You can easily set up new views or change property views with this tab. Switching between them at any time to view your reports. You may need to use the search box to search for certain reports or settings. You can use the search box that the dashboard provides when you use the Change Property View Tab.
Home Menu
This will give you the home page with all your gathered report information. It includes the following:
Customize Your reports
With this tab you will be able to customize all your reports and dashboards.
Google comes with over 100 pre-customized reports. It is from this tab you can access any of those. They are divided up into categories: Realtime, Audience, Acquisition, Behavior, and Conversions.
Realtime is what is happening on your site at that very moment. It can give you details on what region, what the landing page is, and more.
Audience is the report that gathers characteristics of your users.
Acquisition is reports that show how your visitors landed on your site.
Behavior reports that provide behaviors such as entrance and exit pages used to access your site.
Conversions, as explained above, will give you the report on any completed activity such as a subscription or payments.
Another Great Feature on Your Dashboard You Don’t Want to Miss
If you notice the top left corner has an icon called Insights- Analytics Intelligence. If you click this it will give you suggestions and tips. Performance reviews. Also, it will give you the information you need to act on your data, it is a very powerful tool. You can also type in real questions and get answers to them when you need help. You can save them for later as well. I love this tool.
You will also see the Help question mark in the top left corner of your screen.
Notifications such as these:
there is also Google Marketing Platform where the squares are in the top left next to the notifications.
Main Tools You Will Be Using In Google Analytics and Where to Find Them
The time period you want to analyze your reports can be found on the menu Audience/Overview. You will see a date range and you can change that to what you want at any time during viewing.
Click the compare to box to analyze the comparison of last week to this week for just an example:
You will always have a tab option for your reports to add in Segments which we will be discussing later on. If you click on this you can add segments in at any time to any report to compare data to subsets of the data. For instance, it will allow you to isolate and compare various groups of users on your website.
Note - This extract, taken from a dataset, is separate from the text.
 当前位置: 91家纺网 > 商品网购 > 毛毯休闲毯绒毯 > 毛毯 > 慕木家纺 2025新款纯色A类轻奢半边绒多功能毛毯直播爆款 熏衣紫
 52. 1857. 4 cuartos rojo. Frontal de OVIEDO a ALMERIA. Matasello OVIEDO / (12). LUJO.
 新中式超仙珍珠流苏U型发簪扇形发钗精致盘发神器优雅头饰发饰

You can also select a metric in which the report is measured. This can be found in the line graph in the report. This next section allows you to add annotations or notes if you want to. Just click on the grey bar arrow and this will come up allowing you to add in an annotation. For example, if one of your marketing campaigns do really well you may want to note that for further planning for your next one.
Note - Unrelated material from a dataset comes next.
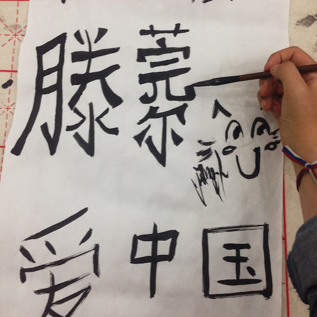 Вечером у нас был урок каллиграфии. В большом зале заседаний Хэйлунцзянского университета нам разложили листы для каллиграфии, чернила и кисточки. Мы-то думали, что мы сразу как придем будем что-нибудь писать. Нет же, мы слушали два часа надоедливого дедушку, который объяснял как правильно писать, показывал свою каллиграфию и рассказывал историю создания самой каллиграфии и все на китайском! При каждом подходящем случаи, как только дедушка замолкал, мы начинали хлопать и визжать, намекая на то, что нам очень все нравится, что он рассказывает и пора уже закругляться ему и начинать рисовать нам.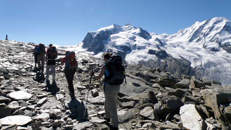 En esta ocasión, en un viaje sencillo de senderismo tendremos la oportunidad de conocer todo el macizo del Monte Rosa. Los valles de Valtournenche, con Cervinia a las faldas del Cervino, el Valle de Ayas, más al oeste y desde donde se empieza adivinar el Breithorn, el Castor y el Polux, el valle de Gressoney, desde donde podremos admirar los gigantes del Liskam, Alagna Valsesia, donde el macizo ya empieza a girar y a terminarse y finalmente el valle de Macugnaga, que ya se encuentra en la zona llamada Piamonte.

One I would like to show you is the precision or faster response option:
This gives you the option to speed up the data on the report or use precision for more accurate but delayed report. This will be discussed later on in our more advanced section of the tutorial.
You can also use the tools in the top left that allow you to share or export if you need to. For instance, you may have a call to action button that your client wants information from. You can easily click on the Share button to share this with other colleagues or customers.
The Geographic Location report is another one I want you to look at.
Google will refer to the country as dimensions. Dimensions are attributes such as different cities or regions where the data originates from. With these, you have Acquisition, Behaviour, Conversions. In order to get this, you will need to set up goals or e-commerce tracking. This is where you can manipulate the chart to view top countries by revenue or sessions etc. Also, use the drop-down box to choose the goal you would like to view in the data table. If you want to change it back to the original you would just click back on the Users button.
You can choose to narrow your view to the Country, City, Continent, Sub Continent as well by clicking on tabs above. You can also include another secondary dimension such as a specific area.
View these reports as a pie chart, pivot table, comparisons, etc. The default is a chart, you can change the view by using these buttons.
How To Analyze Your Reports
Some of the reports I am going to go over will be the ones you will most likely find yourself using the most. We will look at them one at a time:
Audience Reports
These help you understand your audience’s age, gender, location, and interests of your most valued customers. You can then send them content that will be pertinent to their interests. You can also use the Audience report to expand into new markets, Especially where you are getting a lot of traffic to your website.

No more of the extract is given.